Exit out of the nano text editor by pressing keys and then pressing for "Yes" to save the file.

Save modified buffer (ANSWERING "No" WILL DESTROY CHANGES) ? Y Yes N No ^C Cancel

Nano then asks you:

File Name to Write: pbmc_aggr.csv

Press the key to confirm keeping this filename and saving the file. Now you are back to the command prompt.

We have now saved our Linux-formatted CSV file and exited out of the nano text editor.

Run the --help command to print the usage statement and view the input requirements.

cellranger aggr --help

This command prints the following:

cellranger-aggr Aggregate data from multiple Cell Ranger runs USAGE: cellranger aggr [FLAGS] [OPTIONS] --id <ID> --csv <CSV> FLAGS: --nosecondary Disable secondary analysis, e.g. clustering --dry Do not execute the pipeline. Generate a pipeline invocation (.mro) file and stop --disable-ui Do not serve the web UI --noexit Keep web UI running after pipestance completes or fails --nopreflight Skip preflight checks -h, --help Prints help information OPTIONS: --id <ID> A unique run id and output folder name [a-zA-Z0-9_-]+ ...
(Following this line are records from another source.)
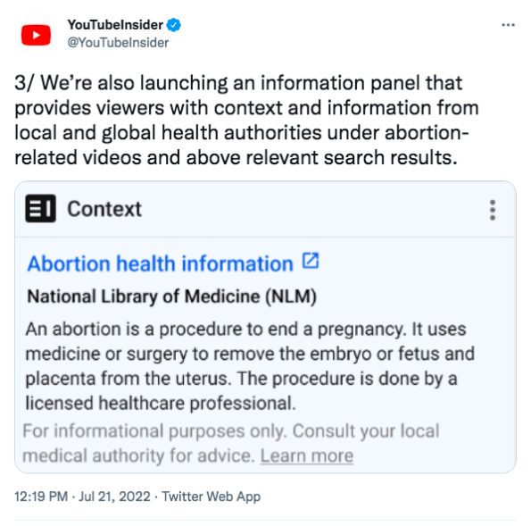 In addition to that, YouTube also said it is launching an information panel that will give its audience “context and information” from health authorities. This new feature will appear below abortion-related videos and above relevant search results.
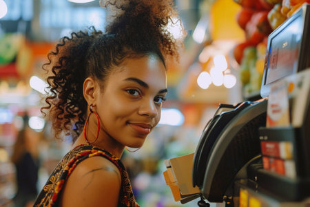 Portrait of young african american woman using credit card machine in shopping mall.
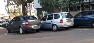 Rua Brasil, em frente à prefeitura. Um dos carros estava estacionado fora da área demarcada, portanto, irregularmete. O outro, na vaga de deficientes, usava o cartão virado, ou seja, não dava para ver se era o cartão correto. Essa prática está sendo constante.
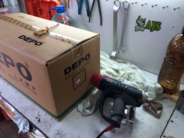 1.) Ищем коробочку чтобы уместить фару — я нашел коробку от Xbox, она как раз с отверстием под сопло фена ;
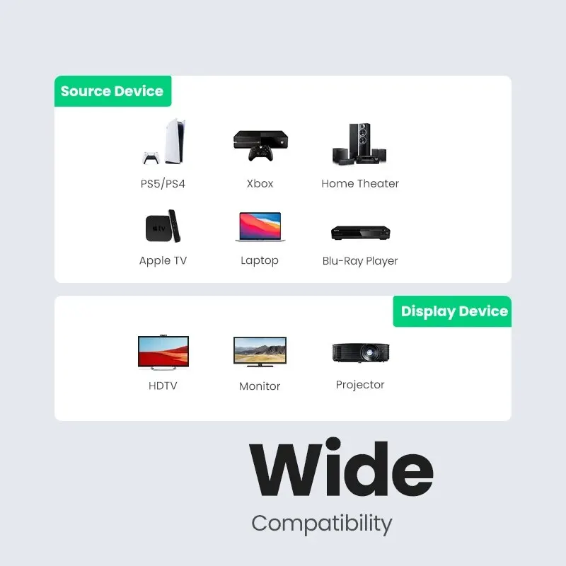 Compatible con 8K 50Hz, 4K 120Hz UHD, 4K 100Hz y más, el cable compatible con 8K versión HDMI 2,1 proporciona una experiencia cinematográfica Ultra HD y efectos visuales 3D, es compatible con sus dispositivos de transmisión, Apple TV 4K, NVIDIA SHIELD TV, reproductores de CD/DVD/Blu-ray, Fire TV, Roku Ultra, PS5, PS4, PS3, Xbox One/360, Nintendo Switch, ordenadores u otros dispositivos compatibles con HDMI a su TV 4K/HD, monitores, pantallas o proyectores.

This pipeline has two inputs:

  • --id is used to name the output directory that the pipeline runs in.
  • --csv takes a CSV file that points to the outputs from the cellranger count pipeline.

Next, build the command line and run it.

cellranger aggr --id=1k_10k_pbmc_aggr --csv=pbmc_aggr.csv

The output is similar to the following:

2021-10-28 19:59:07 [perform] Serializing pipestance performance data. Waiting 6 seconds for UI to do final refresh. Pipestance completed successfully! 2021-10-28 19:59:13 Shutting down.

Just like the other pipelines, when you see “Pipestance completed successfully!” the job is done, and the pipeline outputs are in the pipestance directory in the outs/ folder. List the contents of this directory:

ls -1 1k_10k_pbmc_aggr/outs/

The output is similar to the following:

├── aggregation.csv ├── count │   ├── analysis │   │   ├── clustering │   │   ├── diffexp │   │   ├── pca │   │   ├── tsne │   │   └── umap │   ├── cloupe.cloupe │   ├── filtered_feature_bc_matrix │   │   ├── barcodes.tsv.gz │   │   ├── features.tsv.gz │   │   └── matrix.mtx.gz │   ├── filtered_feature_bc_matrix.h5 │   └── summary.json └── web_summary.html

The outputs are similar to those from the cellranger count pipeline, with the exception of the BAM files and molecule_info.h5 files. More information about outputs is available in the Understanding Outputs section.